Rapha collaborate with Convivial Project for London and Tokyo Cycle Club interactive installations
Premium cycling brand
Rapha has joined forces with London-based design studio
Convivial Project to produce a generative interactive window display for their Cycle Clubs in London and Tokyo, as part of a multi-platform promotion for its SS15 Pro Team Data Print range.
The window’s visuals use fragmentations of the Data Print, a deconstructed chevron pattern created by London design firm Accept and Proceed. "The graphic is an abstracted interpretation of data created from the physical effort of a professional cyclist – its shape is a direct product of movement,” says Jack Saunders, art director at Rapha. “With the Cycle Club window installation we wanted to communicate this concept by reanimating the graphic, which is used in a static form across the product range, using the motion of people to bring it back to life.”
Individual tracking devices record passing cyclists and pedestrians, whose actions are then analysed, filtered and re-projected onto the window. “As passers-by walk in front of the window, the movement is captured as raw data and converted into an angled monochrome graphic which is similarly styled to the original,” explains Saunders. “This window serves as both a visually striking display and, most importantly, as a means of retelling the story behind the data print graphic itself."

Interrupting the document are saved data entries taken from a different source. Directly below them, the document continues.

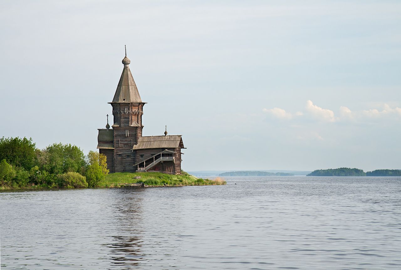 Храм Успения Пресвятой Богородицы в карельском городе Кондопога был одним из самых высоких деревянных зданий в России. По меркам деревянного зодчества он дожил до наших дней в исключительно хорошем состоянии. Церковь построили в 1774 году; в ней сохранился барочный иконостас и расписной потолок-«небо» с композицией «Божественная литургия» — такого не было ни в одном другом действующем храме.
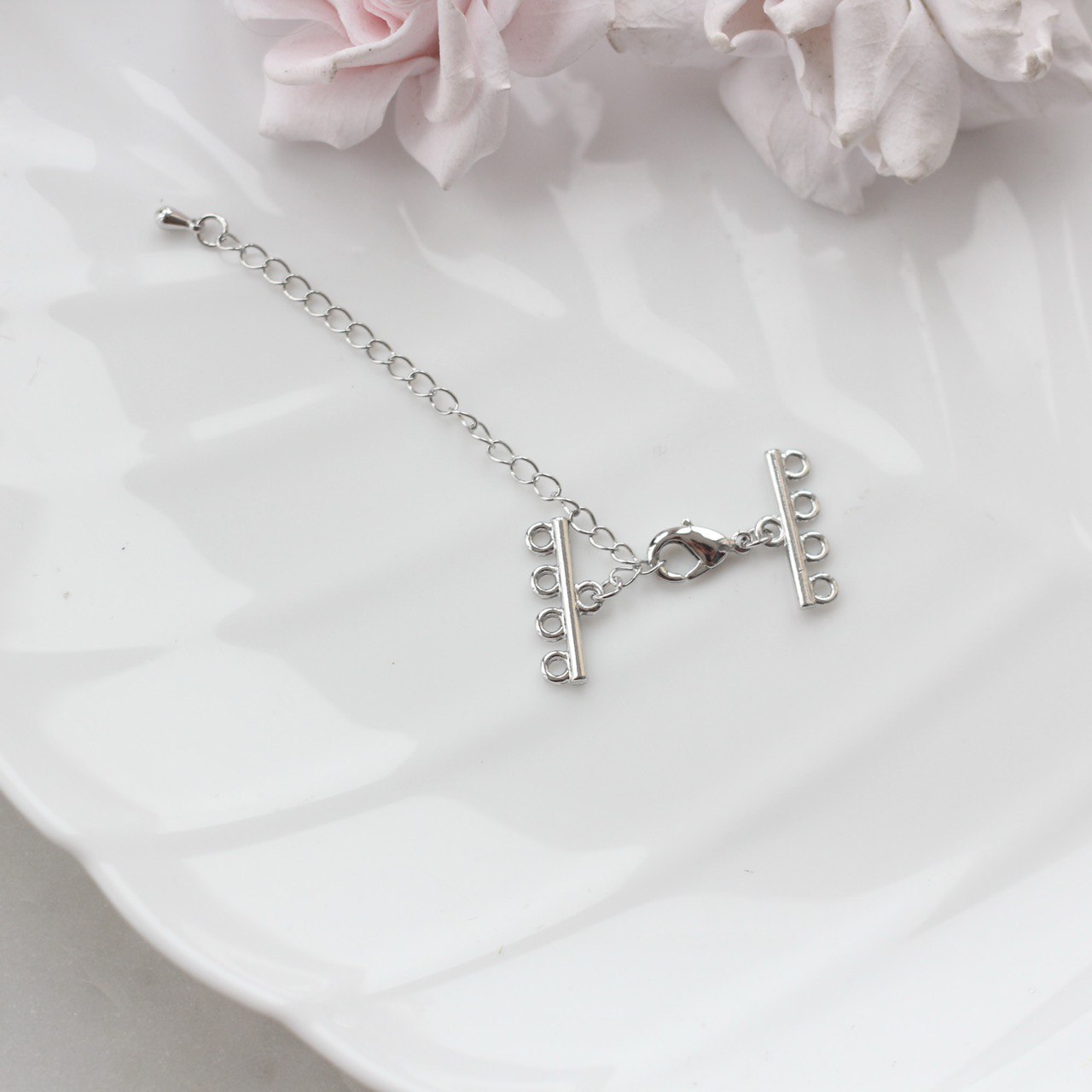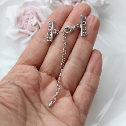 Функциональный и аккуратный замок-карабин с цепочкой-удлинителем и двумя коннекторами, предназначенный для создания многорядных украшений на 5 нитей. Позволяет собрать сложное колье с ровной посадкой, сохранив симметрию и аккуратный внешний вид изделия.
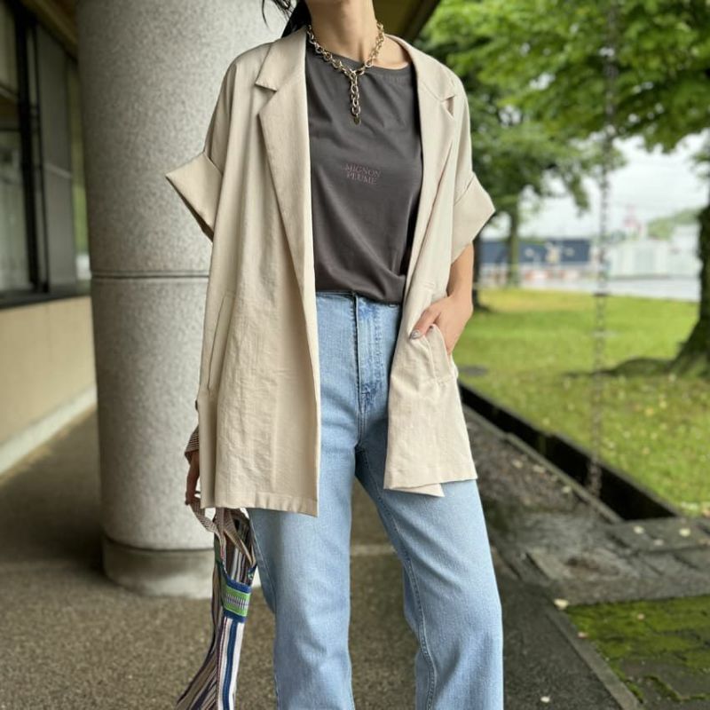 テーラード襟できれいめ感がある中に、ゆるっとしたサイズ感で程よいラフさがあるため、こなれ感のある大人スタイルを簡単に作ることが出来ます。
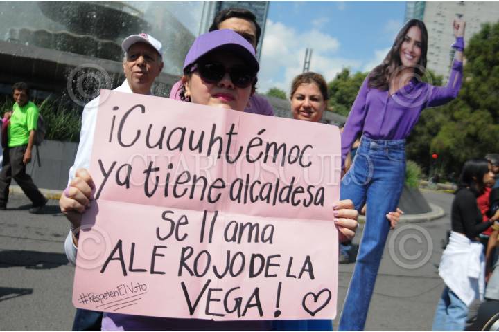 CIUDAD DE MÉXICO, 18AGOSTO2024. - Los simpatizantes de Alessandra Rojo de la Vega llegaron a las inmediaciones de la Diana Cazadora donde la alcaldesa electa se reunirá con ellos. FOTO: DANIEL AUGUSTO /CUARTOSCURO.COM

In a similar vein, using macro and micro views of data,
Discovery Wall is a digital artwork created from 2,800 independently controllable LCD screens and lenses, with the potential to show infinite collections of dynamically changing content at street level. The interactive display locks into a wider trend that's seen brands push for more and more sophisticated form of brand theatre, which for Rapha ultimately means getting pedestrians off the highstreet and onto the road.